# Task brief
Transcribe the whole listing below. Pictures do not go in the copy.

# Information supplied
******************************
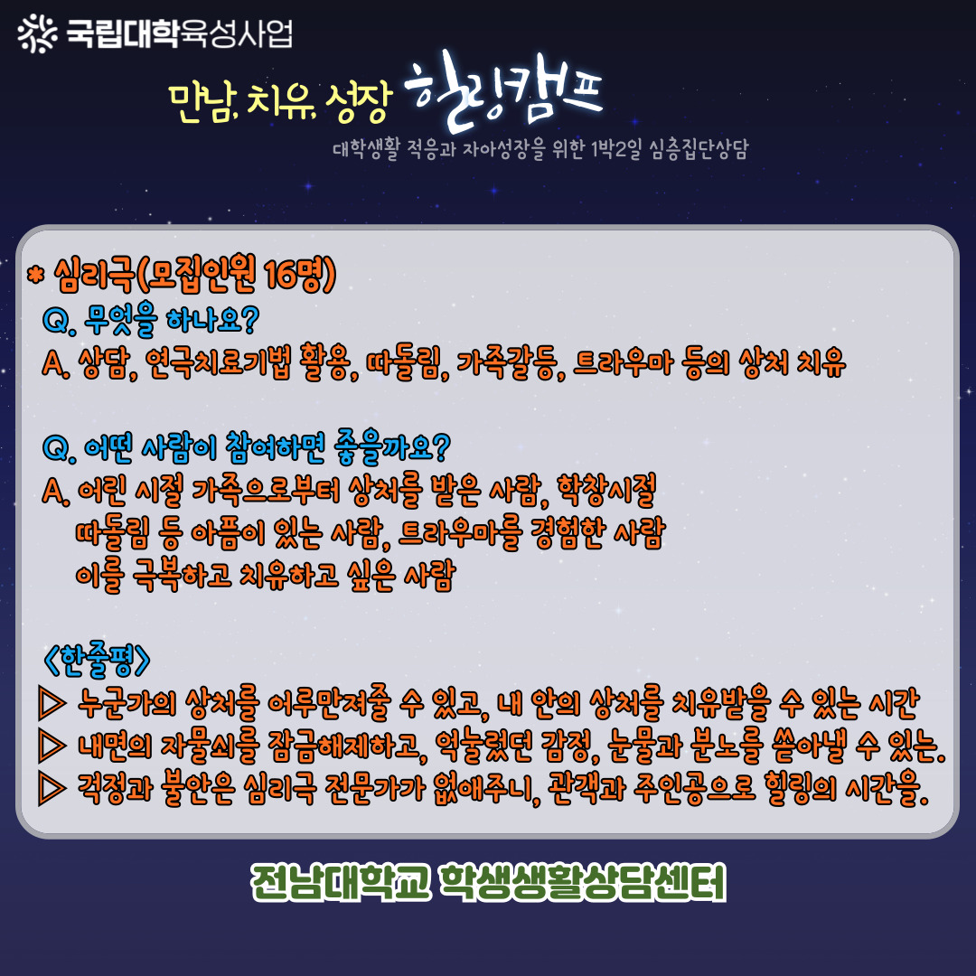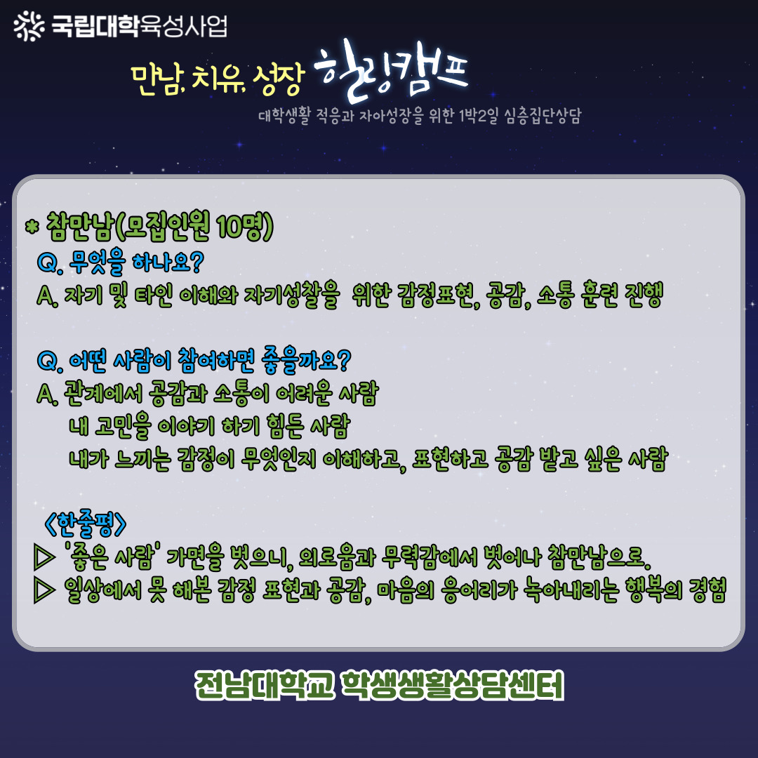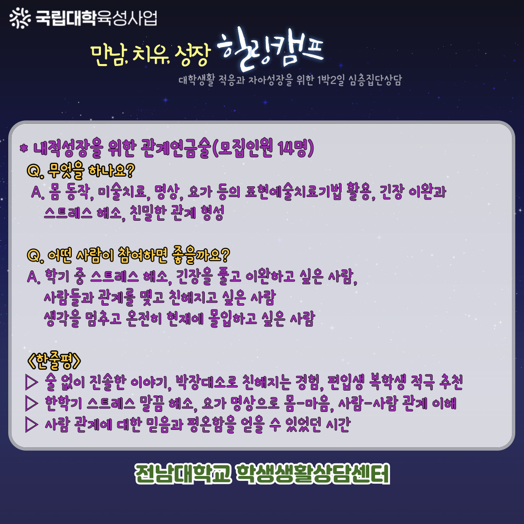 2025학년도 심층집단상담 힐링캠프 [만남, 치유, 성장] 안내
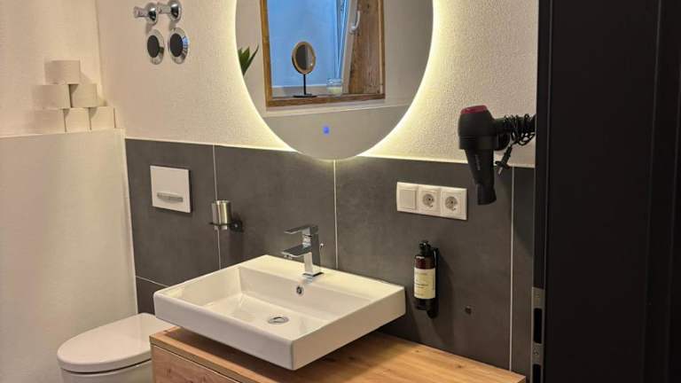 Die Ferienwohnung umfasst ein Schlafzimmer, ein Wohnzimmer, einen Flachbild-TV und eine gut ausgestattete Küchenzeile mit Kühlschrank und Geschirrspüler. Ein Badezimmer mit Dusche gehört ebenfalls zur Ausstattung. Handtücher und Bettwäsche werden bereitgestellt.
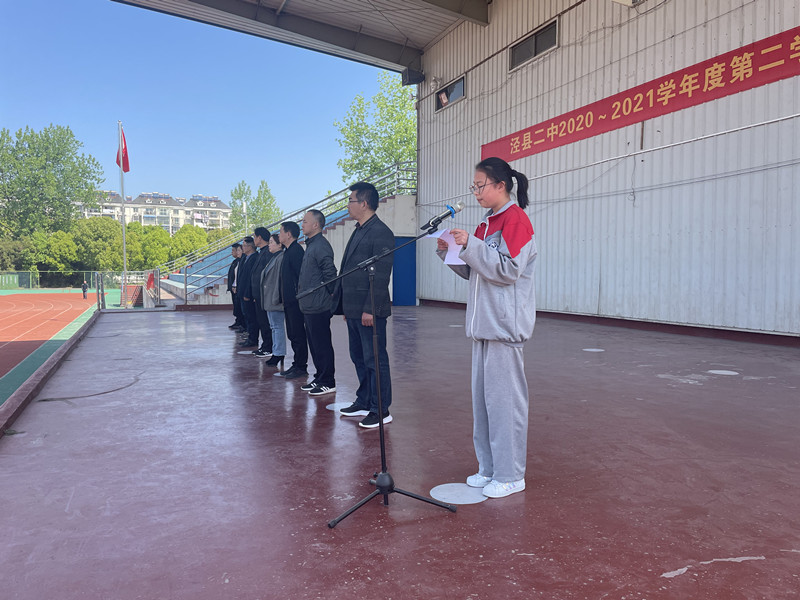 芳菲四月,如诗如画。2021年4月19日上午,泾县第二中学全体师生及泾县实验小学六年级师生齐聚校运动场,举行本周升旗仪式。
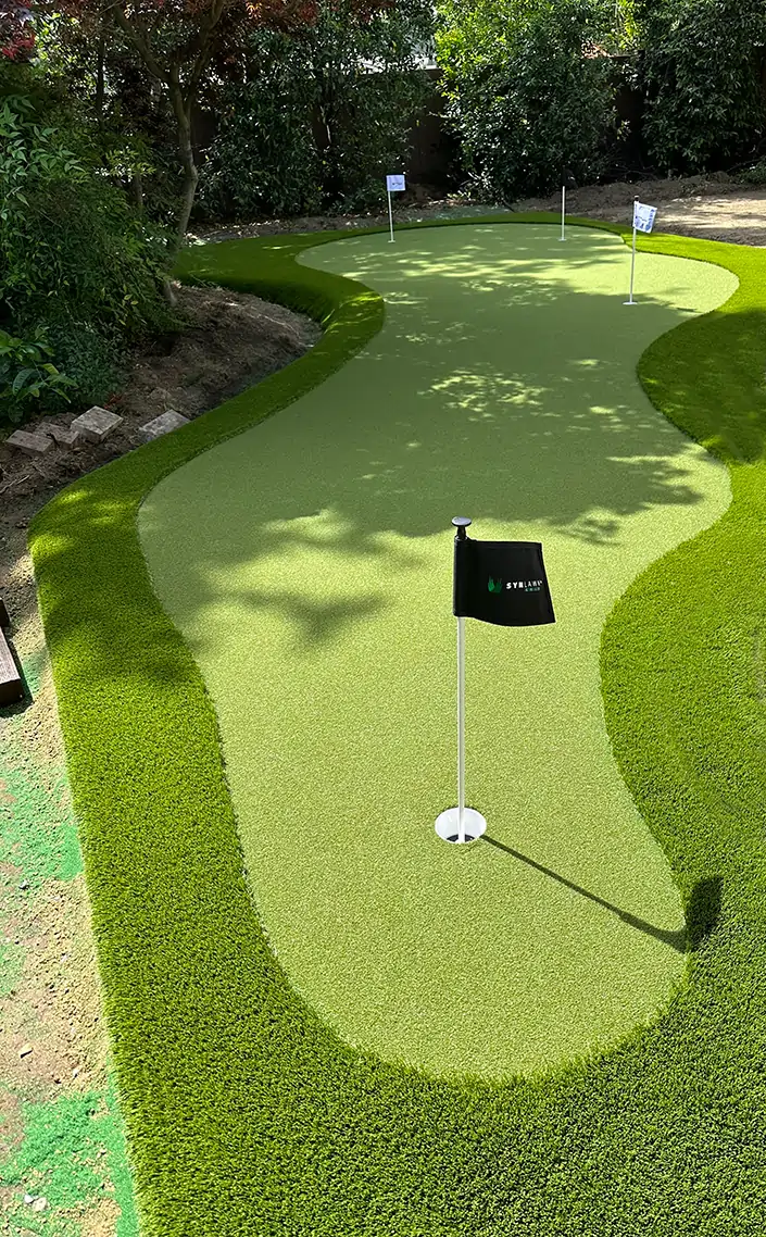 Artificial putting greens are custom-designed and made from advanced synthetic turf that mimics the feel, roll, and performance of professional golf course greens. Unlike traditional greens that require constant watering, mowing, and fertilizing, artificial golf greens from SYNLawn Georgia maintain their perfect condition year-round. They are ideal for both residential and commercial spaces in Atlanta, offering golfers a consistent and professional-quality surface with minimal maintenance.
******************************
# Response to the task
 2025학년도 심층집단상담 힐링캠프 [만남, 치유, 성장] 안내
 Die Ferienwohnung umfasst ein Schlafzimmer, ein Wohnzimmer, einen Flachbild-TV und eine gut ausgestattete Küchenzeile mit Kühlschrank und Geschirrspüler. Ein Badezimmer mit Dusche gehört ebenfalls zur Ausstattung. Handtücher und Bettwäsche werden bereitgestellt.
 芳菲四月,如诗如画。2021年4月19日上午,泾县第二中学全体师生及泾县实验小学六年级师生齐聚校运动场,举行本周升旗仪式。
 Artificial putting greens are custom-designed and made from advanced synthetic turf that mimics the feel, roll, and performance of professional golf course greens. Unlike traditional greens that require constant watering, mowing, and fertilizing, artificial golf greens from SYNLawn Georgia maintain their perfect condition year-round. They are ideal for both residential and commercial spaces in Atlanta, offering golfers a consistent and professional-quality surface with minimal maintenance.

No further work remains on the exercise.